Microevolution of group A streptococci in vivo: capturing regulatory networks engaged in sociomicrobiology, niche adaptation, and hypervirulence

Abstract

The onset of infection and the switch from primary to secondary niches are dramatic environmental changes that not only alter bacterial transcriptional programs, but also perturb their sociomicrobiology, often driving minor subpopulations with mutant phenotypes to prevail in specific niches. Having previously reported that M1T1 Streptococcus pyogenes become hypervirulent in mice due to selection of mutants in the covRS regulatory genes, we set out to dissect the impact of these mutations in vitro and in vivo from the impact of other adaptive events. Using a murine subcutaneous chamber model to sample the bacteria prior to selection or expansion of mutants, we compared gene expression dynamics of wild type (WT) and previously isolated animal-passaged (AP) covS mutant bacteria both in vitro and in vivo, and we found extensive transcriptional alterations of pathoadaptive and metabolic gene sets associated with invasion, immune evasion, tissue-dissemination, and metabolic reprogramming. In contrast to the virulence-associated differences between WT and AP bacteria, Phenotype Microarray analysis showed minor in vitro phenotypic differences between the two isogenic variants. Additionally, our results reflect that WT bacteria's rapid host-adaptive transcriptional reprogramming was not sufficient for their survival, and they were outnumbered by hypervirulent covS mutants with SpeB(-)/Sda(high) phenotype, which survived up to 14 days in mice chambers. Our findings demonstrate the engagement of unique regulatory modules in niche adaptation, implicate a critical role for bacterial genetic heterogeneity that surpasses transcriptional in vivo adaptation, and portray the dynamics underlying the selection of hypervirulent covS mutants over their parental WT cells.

Figure 1. Hybridization scheme.

Diagram showing the cyclic hybridization scheme followed in the microarray experiments.

Figure 2. Pathovivogram of expression microarrays.

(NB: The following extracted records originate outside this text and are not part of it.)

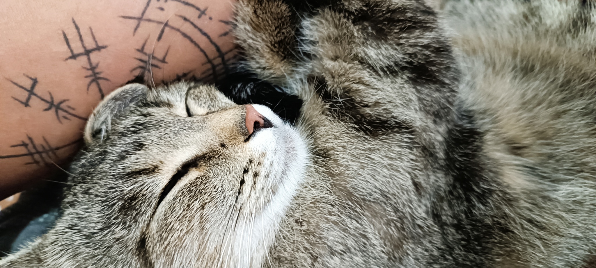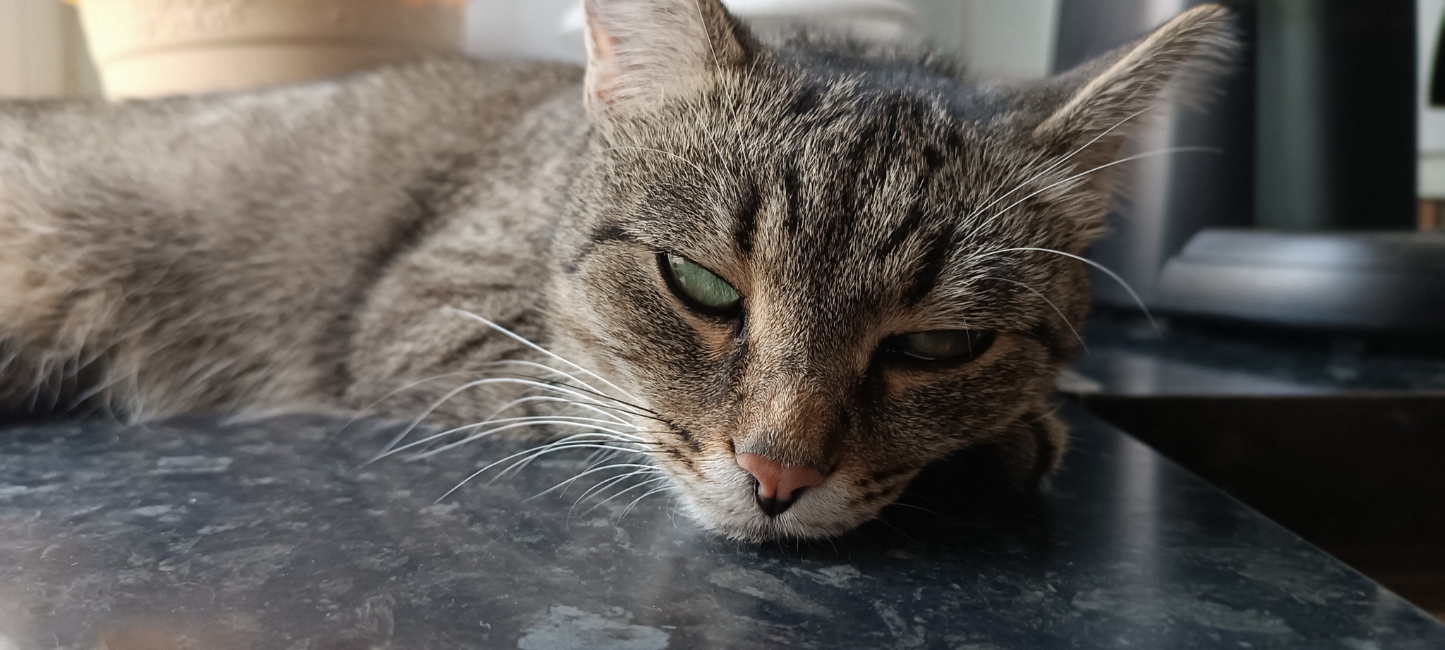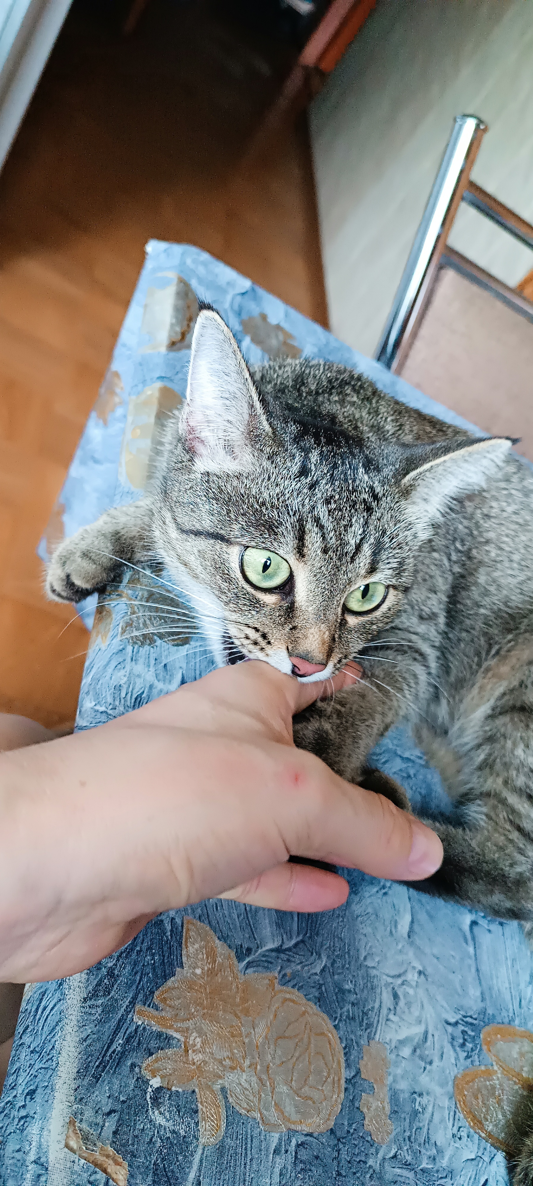 На следующий день снял швы, обработал места контакта шовной лигатуры раствором бриллиантового зелёного. Котяндра не дала высушить нанесенный раствор и быстро кинулась лизать место извлечения инородных материалов из своего маленького тельца, брыкаясь и царапаясь вырвалась из моих рук и ходила потом с зелёным языком. Иногда ловил на себе ее взгляды , в которых угадывалась некая интрига. Забегая вперёд скажу сразу- мне тоже пришлось несколько дней ходить зелёным))) Это была мстя))) Мы жеж ухо лечили каплями, а они такие неприятные, когда в ухо попадают. Лечили сразу и второе для профилактики.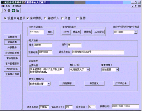 。。客戶打入電話后,當系統(tǒng)的自動語音應答子系統(tǒng)無法解決客戶問題時,客戶可選擇人工服務,由航空公司客戶服務代表直接接聽客戶電話,處理并解決客戶問題。此時客戶同座席話務人員直接溝通,并同時記錄下該客戶的聯(lián)系方式,將相關數(shù)據(jù)添加入系統(tǒng)數(shù)據(jù)庫;也可以在數(shù)據(jù)庫的支持下回答機場航班/航空貨運信息及相關規(guī)定等的咨詢和疑問、訂座/訂艙?蛻粢部梢赃x擇自動語音服務方式,根據(jù)系統(tǒng)的語音提示輸入按鍵,選擇類別,將自己的投訴和建議以及自己的聯(lián)系方式信息以留言錄音的方式保存在系統(tǒng)中。系統(tǒng)同時還支持自動傳真方式,客戶可以通過傳真機進入本系統(tǒng),通過按鍵選擇傳真方式,將自己的意見建議等的文本內容傳真給系統(tǒng),系統(tǒng)自動接受并存入數(shù)據(jù)庫。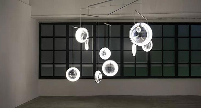 在重力的微妙作用下,裝置隨著周圍的氣流變化發(fā)生輕微的搖擺和轉(zhuǎn)動(dòng),呈現(xiàn)出多樣化的姿態(tài)。當(dāng)夜幕降臨或者背景光過(guò)于微弱時(shí),鑲嵌在鏡面邊緣的照明設(shè)備將點(diǎn)亮框中的場(chǎng)景,由此產(chǎn)生的燈光效果將使觀察者的目光集中在鏡面之外的另一個(gè)世界。

Heat maps of clustered normalized expression values from biological replicates showing ten major coexpression clusters (CCs). Shades of red: upregulation; shades of blue: downregulation; black: expression value below threshold. CC1-CC3 are clusters that differentiate bacteria grown in vitro from those grown in vivo (vivogram) and represent the adaptational transcriptional program. CC4-CC10 are clusters that differentiate WT from AP bacteria (pathogram), all of which but CC7 represent transcriptional differences driven largely by the AP mutation. CC7 represents transcriptional differences driven both by mutation and by in vivo adaptation. The right column displays the subsystems (SS) and neighbor clusters (NC) to which these genes belong. A higher resolution version of this figure is provided online as Figure S2. Detailed annotations are provided in Table S1.

Figure 3. Neighbor clustering of significantly differentially expressed genes mapped to M1 SF370 genome.

Fold-change ratios of significantly differentially expressed genes (P<0.05) are mapped to ORFs of the M1 SF370 genome (the M1 strain used as core for the microarray). SF370 prophages are shown, including those absent in M1T1. The graph shows sets of contiguous genes with similar coexpression patterns. A higher resolution version of the figure is provided online as Figure S4.

Figure 4. Examples of clusters of biological interest.

The correlation between different methods of analysis of five clusters is shown. The left panel includes the different clusters detected by the NC method. The middle panels display heat maps of five coexpression clusters representing different patterns (CC4, SpeB operon; CC6, SLS operon and Trx locus; CC8, Mga locus; CC9, Has operon). The corresponding NC graphs for genes within these clusters are shown in the right panels.

Figure 5. Genomic subsystems represented by the significantly differentially regulated genes.

Annotations and subsystem classification are based on NMPDR annotations as of October 2009. Subsystem classification has been manually verified and amended when necessary.